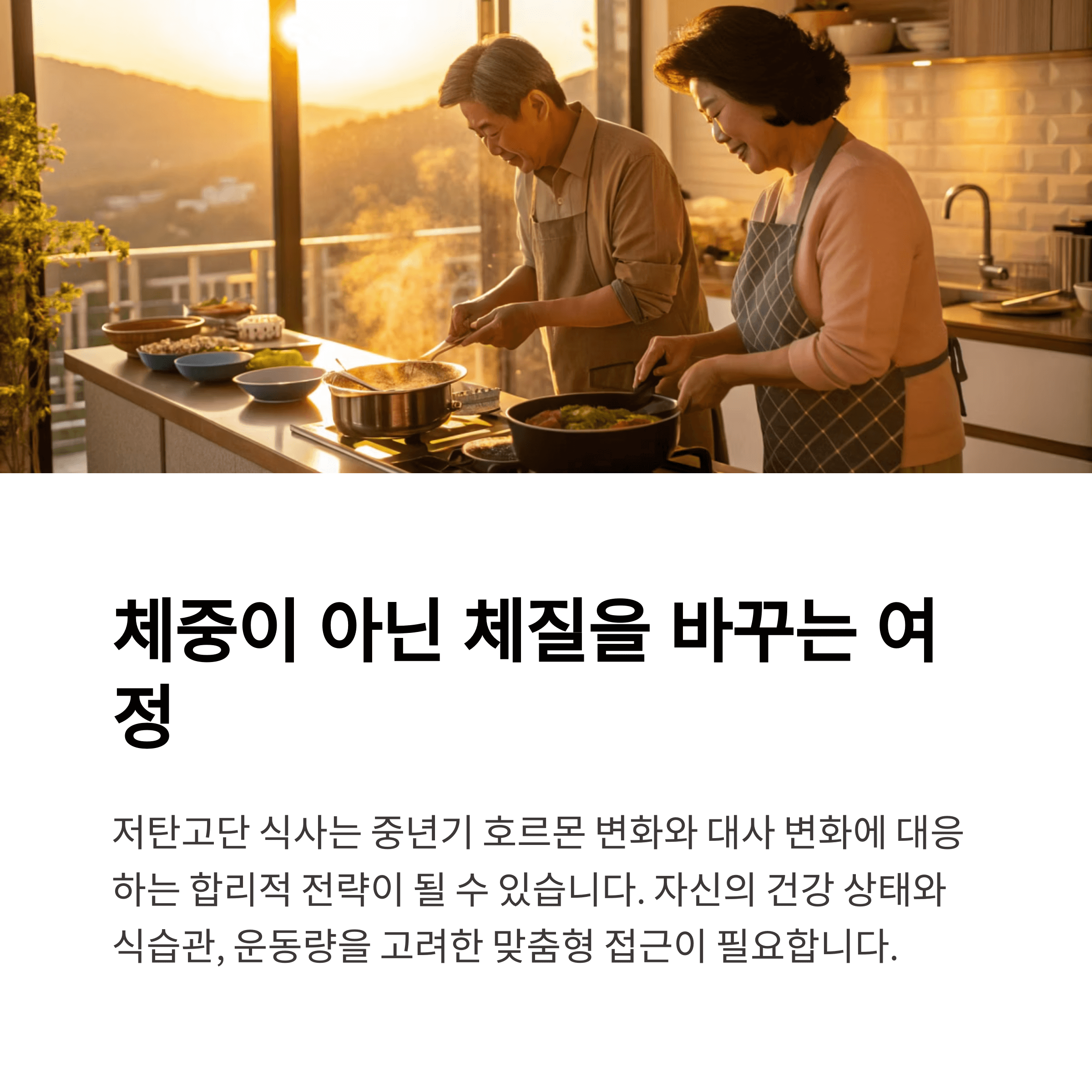 저탄고단 식사는 중년기의 호르몬 변화와 대사 변화에 대응하기 위한 합리적인 전략이 될 수 있습니다. 그러나 모든 사람에게 무조건적인 정답은 아니며, 자신의 건강 상태와 식습관, 운동량을 고려해 맞춤형 조절이 필요합니다.
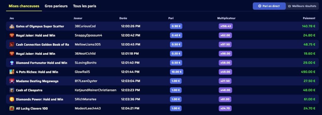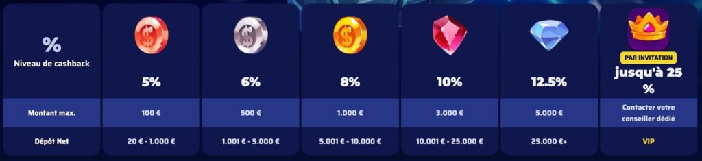 Le cashback hebdomadaire jusqu’à 25 % est aussi un vrai filet de sécurité qui nous a servi, où nous avons pu récupérer plusieurs centaines d’euros en 4 semaines. En effet, cette formule permet de limiter les pertes sur une semaine malchanceuse et encourage les joueurs à revenir régulièrement.
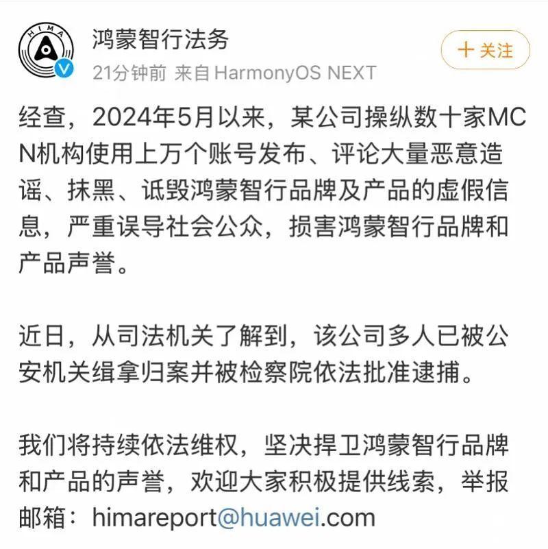 3月4日,鸿蒙智行法务发布首条微博,称某公司操纵水军抹黑鸿蒙智行,多人已被缉拿归案。鸿蒙智行法务表示,经查,2024年5月以来,某公司操纵数十家MCN机构使用上万个账号发布、评论大量恶意造谣、抹黑、诋毁鸿蒙智行品牌及产品的虚假信息,严重误导社会公众,损害鸿蒙智行品牌和产品声誉。
++++++++++
| EXERCISE DETAILS |
Omit the pictures, then output the rest of the listing exactly.

| RESPONSE BOX |
 저탄고단 식사는 중년기의 호르몬 변화와 대사 변화에 대응하기 위한 합리적인 전략이 될 수 있습니다. 그러나 모든 사람에게 무조건적인 정답은 아니며, 자신의 건강 상태와 식습관, 운동량을 고려해 맞춤형 조절이 필요합니다.
 Le cashback hebdomadaire jusqu’à 25 % est aussi un vrai filet de sécurité qui nous a servi, où nous avons pu récupérer plusieurs centaines d’euros en 4 semaines. En effet, cette formule permet de limiter les pertes sur une semaine malchanceuse et encourage les joueurs à revenir régulièrement.
 3月4日,鸿蒙智行法务发布首条微博,称某公司操纵水军抹黑鸿蒙智行,多人已被缉拿归案。鸿蒙智行法务表示,经查,2024年5月以来,某公司操纵数十家MCN机构使用上万个账号发布、评论大量恶意造谣、抹黑、诋毁鸿蒙智行品牌及产品的虚假信息,严重误导社会公众,损害鸿蒙智行品牌和产品声誉。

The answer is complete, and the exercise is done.